Lastly, I'm seeing that there are multiple ways to play with CR, static at least. Machining a few .001's off of the deck, HG thickness, piston dish, p&p'ing the combustion chamber. Money seems like the only issue.

Now for some chitchat that's a little more timely. Once I get the WRX up and running (I have a hoist now, so I should be out in the garage right now) I will have an almost entire WRX longblock to install into the RS. I think I'd just be missing injectors and a fuel pump filter. I'll have to do a search to see if anyone has cut the tips off of the end of the RS injectors. I'd also need an ECU. I'd imagine a piggyback would be out of the question because I don't know of any.

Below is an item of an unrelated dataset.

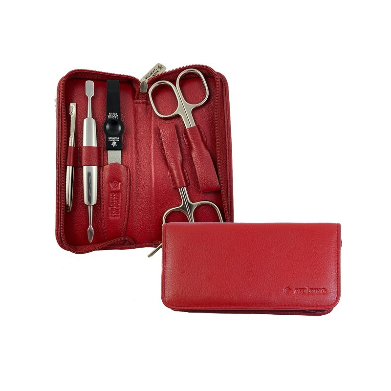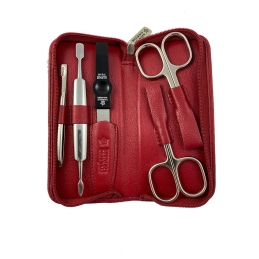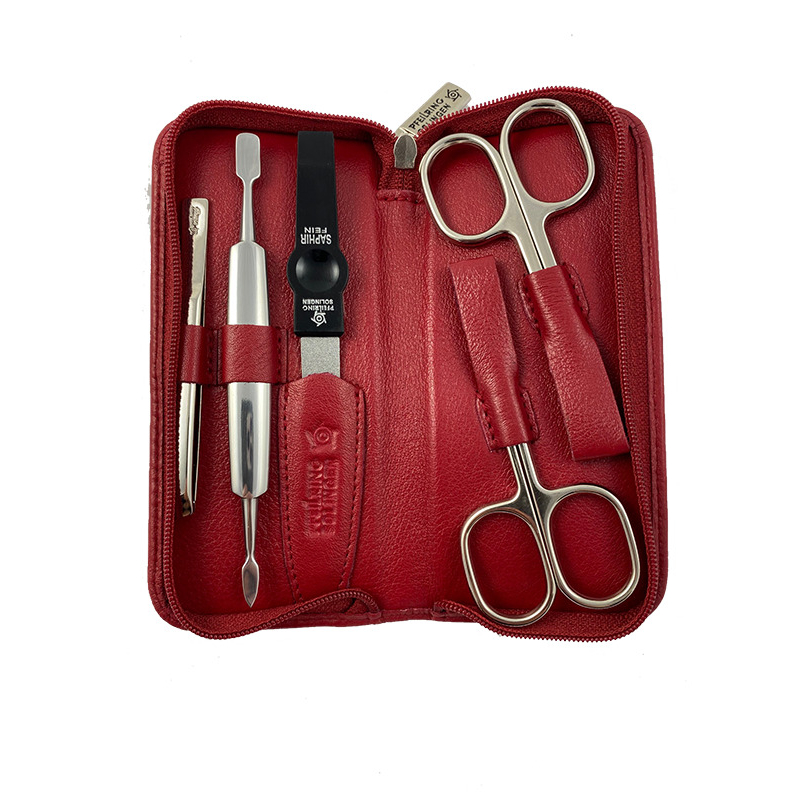 Manikúrová sada Pfeilring Original v elegantní červené barvě je ideálním pomocníkem pro dokonalou péči o nehty. Obsahuje pět precizně zpracovaných nástrojů, které usnadňují úpravu nehtů a kůžičky. Nůžky na nehty a kůžičku zaručují přesnost a pohodlí, zatímco šikmá pinzeta a oboustranný manikúrový nástroj umožňují precizní detaily. Safírový pílníček na nehty zajišťuje hladký a zdravý vzhled nehtů. Tato sada je nejen praktická, ale také stylová, což z ní činí skvělý doplněk každé kosmetické taštičky. Využijte kvalitní nástroje pro profesionální úpravu nehtů přímo doma.

Of course, I don't think I'll put the WRX engine in without some pistons.

One more option is like how you're doing. jdmeis is selling some 2.5L JE pistons and crower rods on ebay. http://cgi.ebay.com/ebaymotors/ws/eB...tem=7946875850 I am probably making a mistake by posting the ad here, but I haven't yet bid because I haven't put any thought into turboing the (what's the RS's engine code? EJ251?)

I wonder if I could just utilize my stock WRX exhaust manifold and a turboback, injectors and a fuel pump?

 

This is what I'm going to do, for two reasons- one, less manifold volume is good in FI applications, and two) it allows for a larger topmount mounted more properly under the hood scoop. I've been researching this extensively lately, and I've figured out that if you have a standalone like a Hydra, it WILL work. If you have stock management, the issues are making the RS MAP sensor work, and wether or not the WRX and RS TPS voltage ranges are the same (should be). Beyond that, it's typical Subaru hot-swappable. I'll go over all the details as soon as I get mine on.

 

This is a great thread. I wish I had something monumental to add but... I really was needing all this information. Thanks and good luck with the builds.

cheers

garrett

 

I split out the NA discussion fellas.

 

You're absolutely right. Sorry.

 

Eh, it was cool for the first question or two. Then we started gabbing about it like girls in a junior high hallway.